The top AI labs furiously compete among themselves to have the best possible results on standard benchmarks, but they are leaving out an important factor in their calculations — the costs required to achieve their results.
This crucial point was recently raised by Noam Brown, a research scientist at OpenAI, known for his groundbreaking work on AI systems for complex games like poker and Diplomacy. In a recent discussion, Brown argued that the traditional way of evaluating AI models—simply looking at their performance on a benchmark—is becoming obsolete, especially with the rise of increasingly powerful reasoning models.

“The notion of model intelligence — performance on a benchmark as a single number doesn’t really even make sense anymore,” Brown explains. He continues, arguing that a more nuanced approach is required: “You have to think of it as intelligence per dollar or per token or something like that.” This cost-centric perspective is crucial, he argues, because compute time directly impacts performance. “If a model can think for a very long time,” Brown observes, “it’s going to do better on all these benchmarks.” This leads to a fundamental shift in how we should visualize AI progress, moving away from single data points and toward a more comprehensive understanding: “So you really have to think of it as a curve of intelligence versus cost curve.” And this curve, he emphasizes, “can be very steep… can be very high if you want to spend a lot.” This, according to Brown, is the trajectory of the future of AI development.

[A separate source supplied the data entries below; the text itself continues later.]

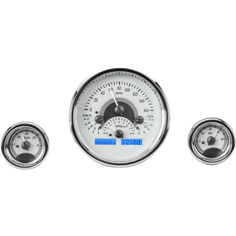 Made popular by the ‘57 Chevy, this contemporary triple gauge layout lends itself to an enormous amount of flexbility. With the larger instrument measuring 6.25” overall and the two smaller gauges at 3”, this is one distinctive choice. Chromed billet aluminum housings and bezels round out the package.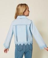 Hemdbluse für Mädchen aus Baumwollpopeline mit Spitzenbesatz an Passe, Vorder- und Rückseite. Mit einer Posamentenapplikation aus Spitze veredelter Abschluss und Ärmelabschlüsse. Gerade geschnittenes Modell mit Ton-in-Ton Knopfleiste und einem farblich abgestimmtem Untertop aus Musselin.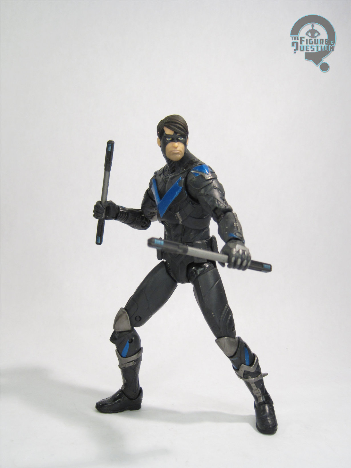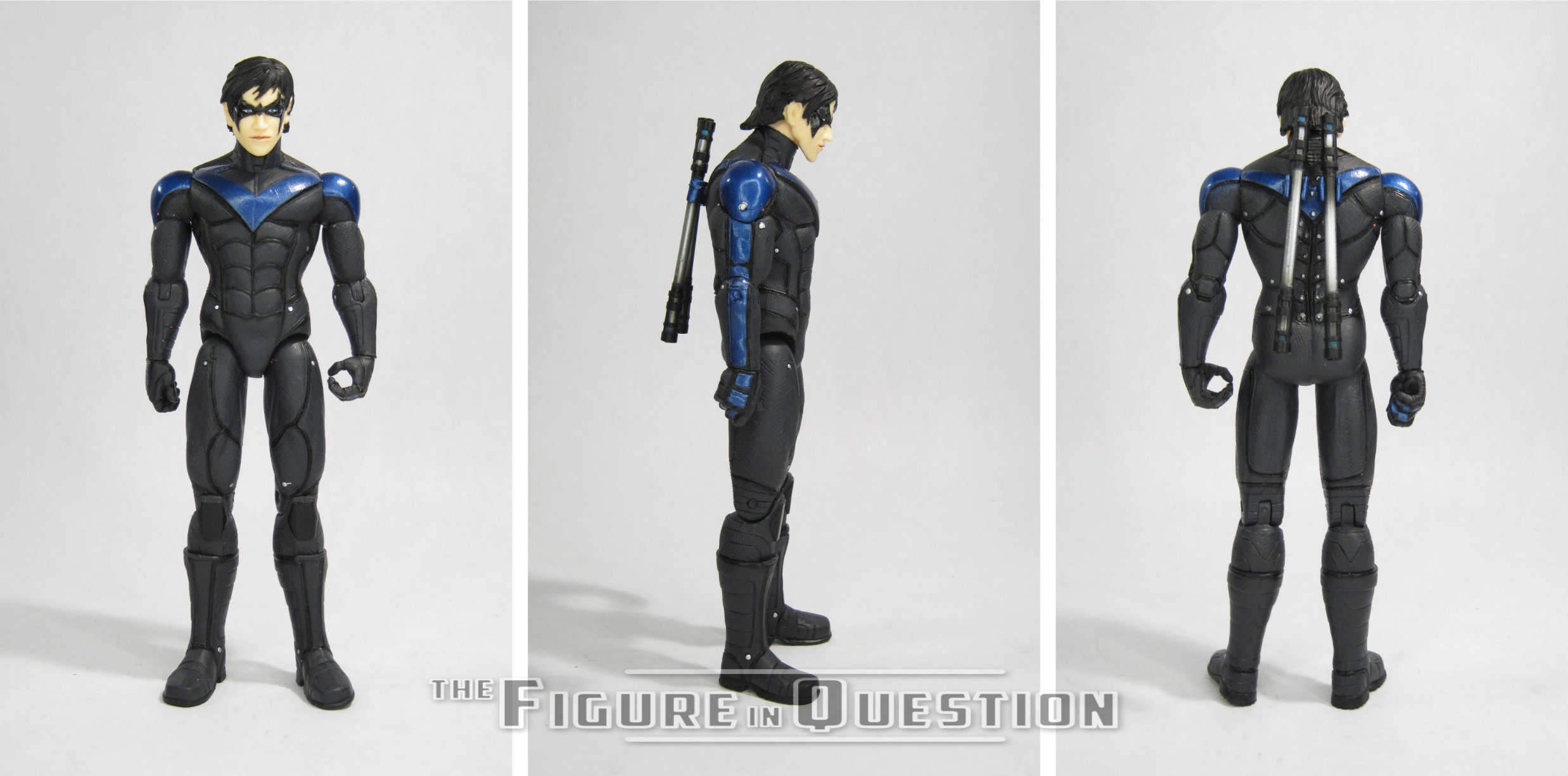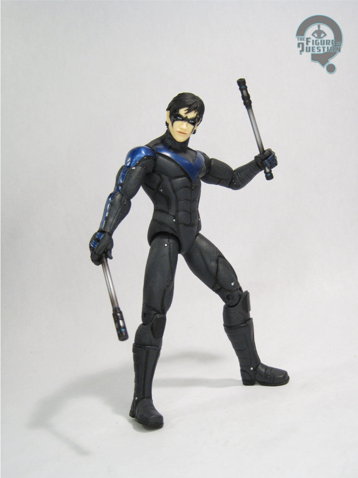 always appreciate seeing, especially in this costume. It’s certainly the nicest of the Nightwing head sculpts we’ve gotten from McFarlane. The paint work is generally okay, though it does wind up with some slight oddities. The mask gets a pattern suggesting shading, which I don’t mind, as it’s effective and doesn’t look weird. That said, it’s the only instance of painted shading on the figure, which is strange. The rest of the work is more basic stuff. Application’s clean and sharp, so that’s good. The only off spot is the shoulders, which are already kind of off due to the way the assembly works, but then also miss the lighter blue on the top section. You can kind of hide it with posing around the shoulder “cups”, but it’s odd when you can see it. Nightwing is packed with a batarang, a display stand, a collector’s card, and the card with the info for the “digital” collectible.

But Brown says that even with their higher costs, reasoning models are much cheaper than equivalent tasks performed by humans. “And that’s kind of the future that we’re headed towards, I think, when people look at these reasoning models and they think, ‘Oh, this thing is so expensive! Well, compared to what? You know, if you’re comparing it to GPT-4, then sure, it’s very expensive. But if you compare it to a human trying to do the same test, then it’s dirt cheap,” he says. This comparison, Brown asserts, is the one that truly matters, especially as AI capabilities continue to grow. “And that comparison to a human matters,” he continues, “is the intelligence grows. Once you have these models surpassing top humans in certain domains, you know, you think about how much the top human in the world would be paid to do a task. They command a big premium for that expertise.”

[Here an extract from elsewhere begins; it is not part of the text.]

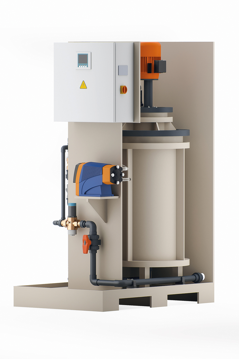 Abhängig vom zulässigen Gegendruck ist das Dosiersystem wahlweise mit einer Schlauch-, Magnet- oder Motor-Dosierpumpe ausgestattet. Diese dosiert das Flüssigpolymer in eine spezielle Mischkammer, in der durch das optimale Vermischen mit Wasser eine ausgereifte und vollständig aktivierte Polymerlösung mit einer Reifezeit von 15min entsteht. Dank des kompakten Designs spart das Dosiersystem Platz am Installationsort und bietet verschiedene Aufstellmöglichkeiten.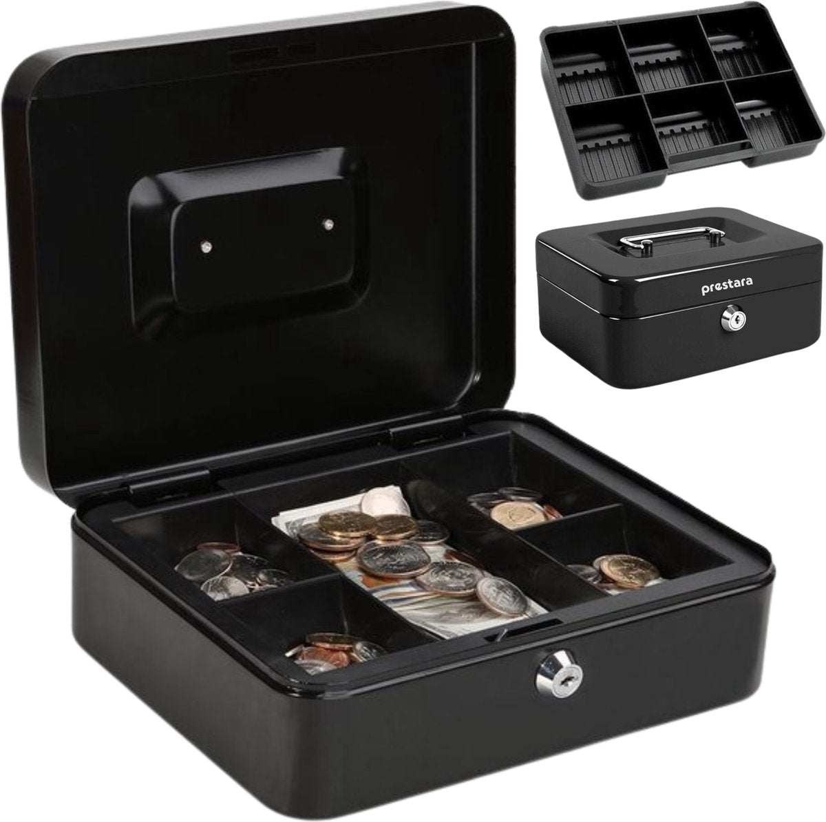 Bescherm je waardevolle spullen met dit stijlvolle en praktische geldkistje met sleutel. Bestel nu de Prestara Geldkist en profiteer van veiligheid en gemoedsrust!

“And when you have the models now having that expertise and they’re the fraction of the cost of a human, there’s a lot of value in that,” Brown says.

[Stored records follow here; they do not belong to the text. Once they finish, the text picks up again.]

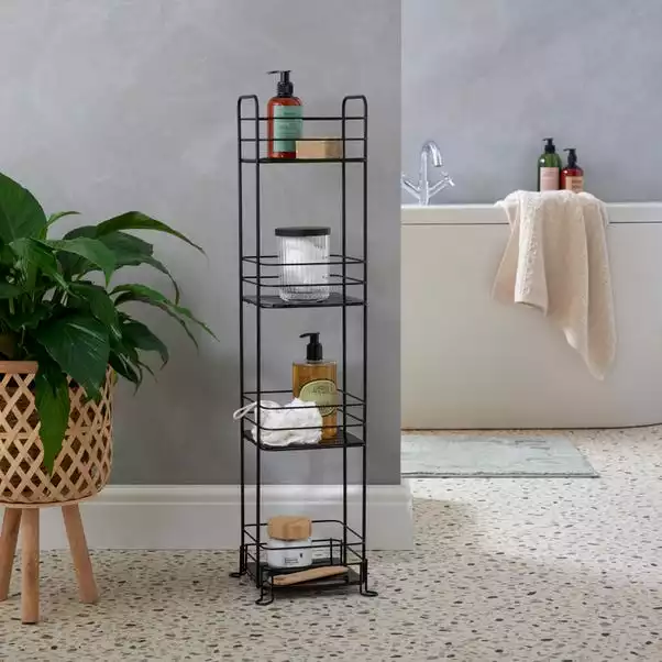 With a simple black wire design, this freestanding storage caddy features four, spacious shelves giving you an ideal space saving storage solution for your bathroom.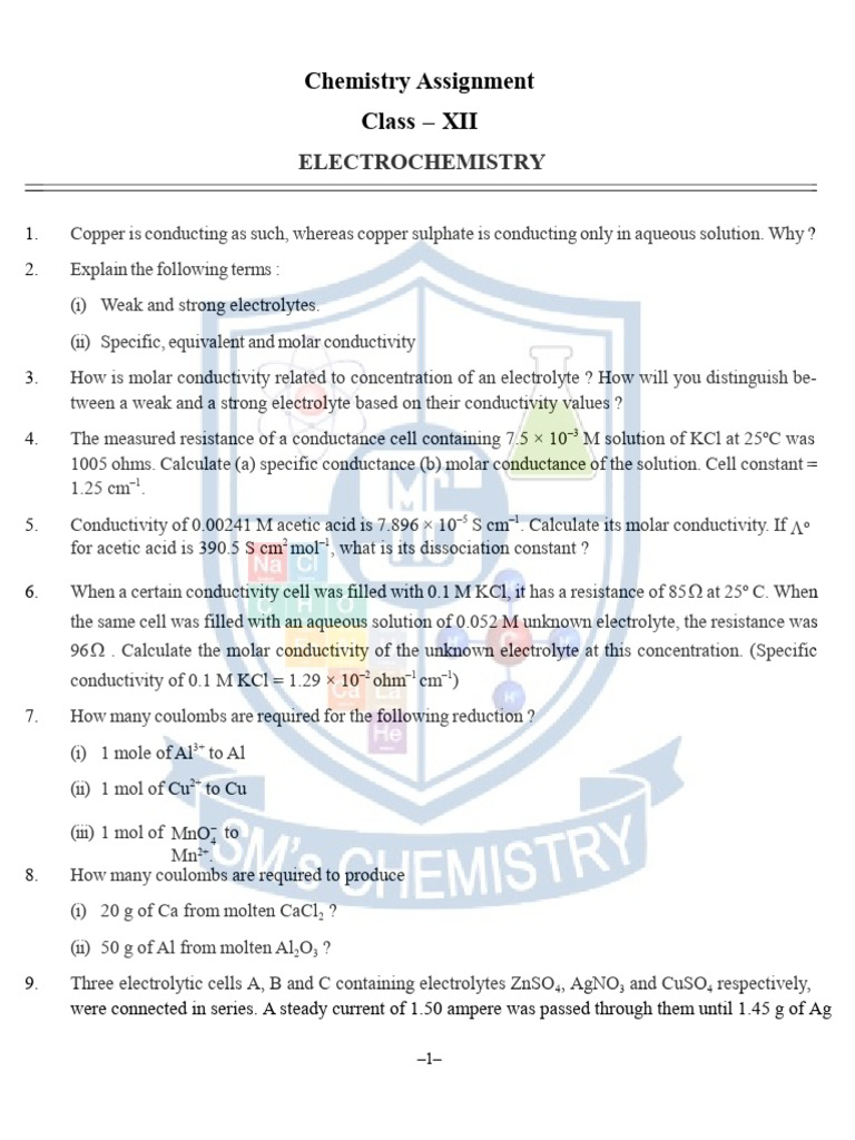 30. Electrolytic conductivity of 0.2 mol L–1 solution of KCl at 298 K is 2.48 × 10–2 –1 cm–1.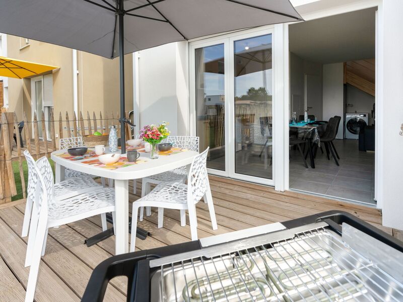"Soleil Couchant B03", maisonette 3-kamers 54 m2, op de begane grond. Comfortabel en modern ingericht: woonkamer met TV (Flatscreen TV). Woonkeuken (oven, afwasmachine, 1 keramische glas kookplaat, 2 kookpitten (vlammen), broodrooster, waterkoker, magnetron, elektrische koffiemachine) met eettafel, air-conditioning, boiler en elektrische rolluiken. Uitgang naar het terras. Douche/WC. Air-conditioning. Bovenverdieping: 1 kamer met 1 2-pers bed (1 x 140 cm, lengte 190 cm). 1 kamer met 1 x 1 stapelbedden (90 cm, lengte 190 cm), 1 2-pers bed (1 x 140 cm, lengte 190 cm). Aparte WC. Terras 10 m2, op het zuiden gelegen en op het westen gelegen. Terrasmeubelen. Ter beschikking: wasmachine, strijkijzer. Internet (Internet (WiFi), extra). Parkeerplaats nr. 26. Niet rokers woning. 1 klein huisdier/hond toegestaan. Rookmelders. Aanbod door een particulier volgens art. 155, IV van CGI.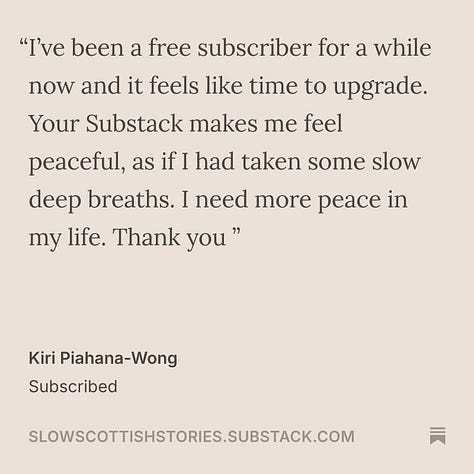 Now, she writes a story once a week, sharing musings from her slow life in the Scottish Highlands. She invites a special few for tea (where they inevitably chat about books!) and shares quiet letters with them, alongside glimpses into her nature diary and art journals, so they can help each other and nurture a kinder world where all are accepted.
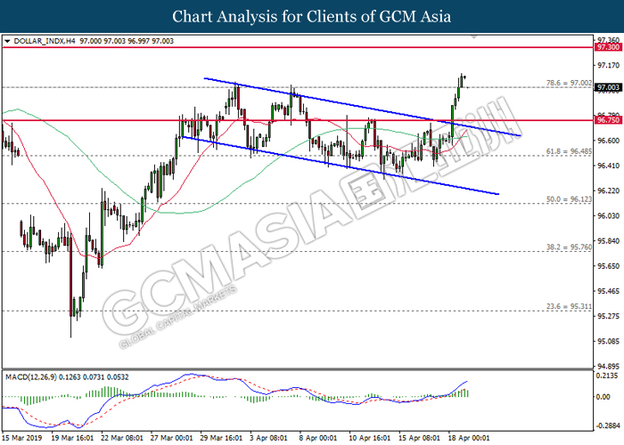 DOLLAR_INDX, H4: Indeks dolar telah dibuka dengan lebih rendah sementara kini menguji di tahap sokongan 97.00. MACD yang memaparkan penyusutan pada momentum menaik mencadangkan harganya untuk didagang dengan lebih rendah bagi jangka pendek sebagai pembetulan teknikal.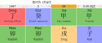 About the Bazi chart, it's very difficult to do an analysis using Bazi, due to the uncertainty of birth timing.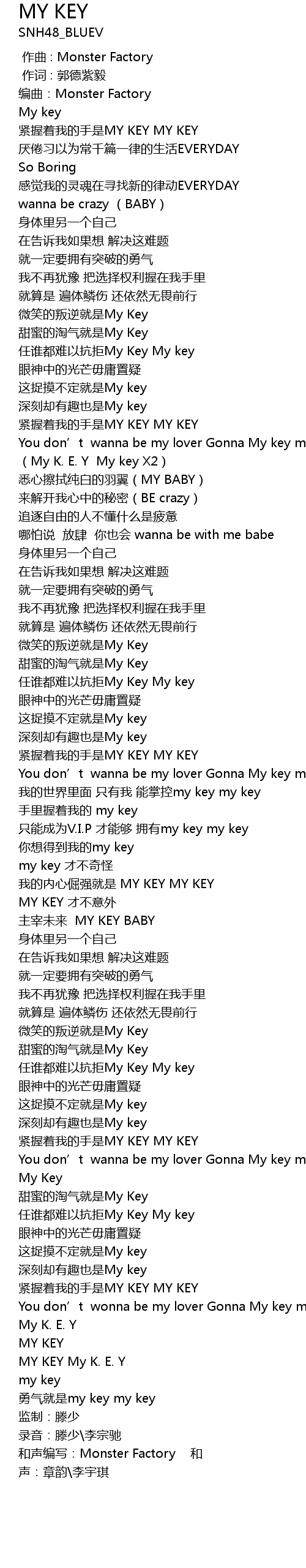 | [02:41.60] | wei xiao de pan ni jiu shi My Key |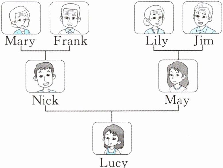 一、看一看 Lucy 的家庭树,判断下列句子是(Y)否(N)正确。

In the recent past, there have been some impressive improvement in many AI benchmarks. In the ARC-AGI benchmark for instance, OpenAI’s o3 model had performed much better than previous approaches. But the model had also spent a lot of tokens — as much as $3,000 per task — reasoning through its answers, making it much more expensive than previous AI approaches. Brown suggests that instead of focusing simply on benchmark results, it could be better to also include the costs that were required to generate those results. And with reasoning models now becoming commonplace, this holistic approach could give a better estimation of future AI progress.